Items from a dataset
[Start of section]
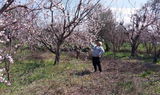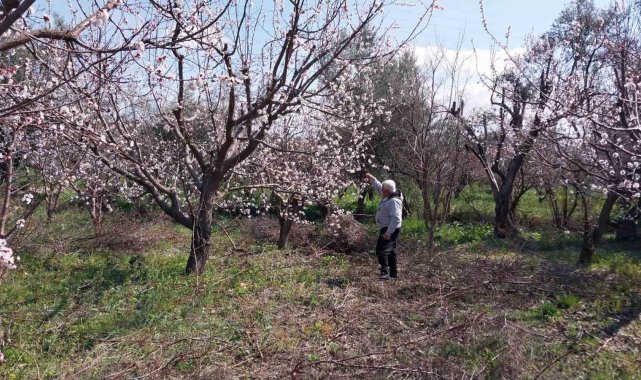Çiçek açan kayısı ağaçları çiftçinin yüzünü güldürdü. Ağaçlarda çiçeklerin bol olmasına sevinen bahçe sahibi İsmail Kaplan, "Hava şartlarından dolayı sıcak gitmesi iklimi değiştirdi, kayısılar erken çiçek açtı. Ama 3-4 gündür olan soğuklardan dolayı da korku içindeyiz. İnşallah bir şey olmaz. Bundan sonra ne olur Allah'ın bileceği bir şey. Görüyorsunuz bahçelerimiz bembeyaz. 5-6 dönüm civarında bahçem var. Bahçesi 20 dönüm, 30 dönüm, 100 dönüm olanlar var. Bahçenin sulaması var, çapası var, budaması var, çeşit çeşit gübre atıyorsun. Dağdaki zeytin gibi değil ki kayısı" dedi.
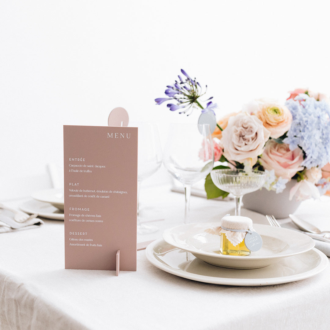 Les menus personnalisés Les Mignonneries permettront à vos invités de découvrir le repas le jour de votre évènement de manière élégante et raffinés. Une jolie touche à poser sur socle au centre de la table ou bien dans l’assiette de chaque invité.
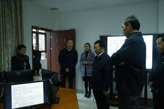 和飞校长等陪同市委领导们参观了发展中心的主要功能室,介绍了发展中心的建设与使用情况以及在职教师培训等方面所开展的工作。市委领导对我市中小学教师在职培训及我校省级中小学教师发展中心未来的发展作出指示,并提出了许多有建设性的宝贵意见。
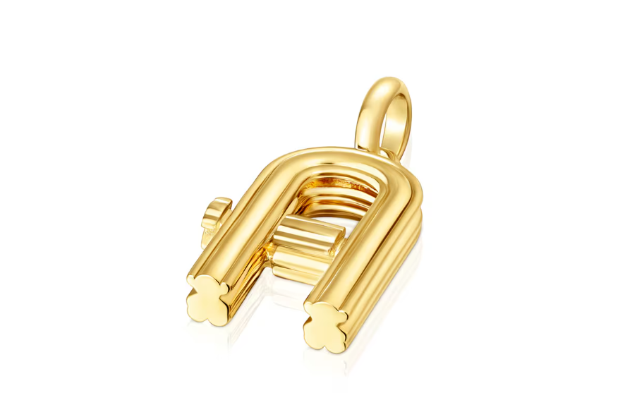 TOUS Alphabet միջին կախազարդ արծաթից՝ 18 կարատ ոսկեպատմամբ, տառ A։ Մոտիվի չափսը՝ 14.75 մմ։ (Այս ապրանքը չի ներառում շղթան)։ Պատրաստված է արծաթից՝ 18-ից 23 կարատ ոսկեպատմամբ (3 միկրոն հաստությամբ), ինչը երաշխավորում է զարդի ավելի մեծ դիմացկունությունը։
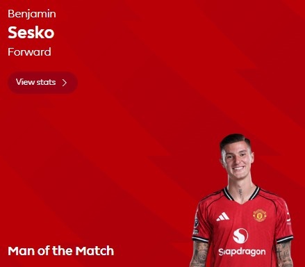 10月5日讯 2025-26赛季英超联赛第7轮,曼联2-0征服桑德兰。舍什科首发出战,赛后当选全场最好。
[End of section]
Problem description
What is needed is an exact copy of all the data, with no images in it.

Result of this exercise
Çiçek açan kayısı ağaçları çiftçinin yüzünü güldürdü. Ağaçlarda çiçeklerin bol olmasına sevinen bahçe sahibi İsmail Kaplan, "Hava şartlarından dolayı sıcak gitmesi iklimi değiştirdi, kayısılar erken çiçek açtı. Ama 3-4 gündür olan soğuklardan dolayı da korku içindeyiz. İnşallah bir şey olmaz. Bundan sonra ne olur Allah'ın bileceği bir şey. Görüyorsunuz bahçelerimiz bembeyaz. 5-6 dönüm civarında bahçem var. Bahçesi 20 dönüm, 30 dönüm, 100 dönüm olanlar var. Bahçenin sulaması var, çapası var, budaması var, çeşit çeşit gübre atıyorsun. Dağdaki zeytin gibi değil ki kayısı" dedi.
 Les menus personnalisés Les Mignonneries permettront à vos invités de découvrir le repas le jour de votre évènement de manière élégante et raffinés. Une jolie touche à poser sur socle au centre de la table ou bien dans l’assiette de chaque invité.
 和飞校长等陪同市委领导们参观了发展中心的主要功能室,介绍了发展中心的建设与使用情况以及在职教师培训等方面所开展的工作。市委领导对我市中小学教师在职培训及我校省级中小学教师发展中心未来的发展作出指示,并提出了许多有建设性的宝贵意见。
 TOUS Alphabet միջին կախազարդ արծաթից՝ 18 կարատ ոսկեպատմամբ, տառ A։ Մոտիվի չափսը՝ 14.75 մմ։ (Այս ապրանքը չի ներառում շղթան)։ Պատրաստված է արծաթից՝ 18-ից 23 կարատ ոսկեպատմամբ (3 միկրոն հաստությամբ), ինչը երաշխավորում է զարդի ավելի մեծ դիմացկունությունը։
 10月5日讯 2025-26赛季英超联赛第7轮,曼联2-0征服桑德兰。舍什科首发出战,赛后当选全场最好。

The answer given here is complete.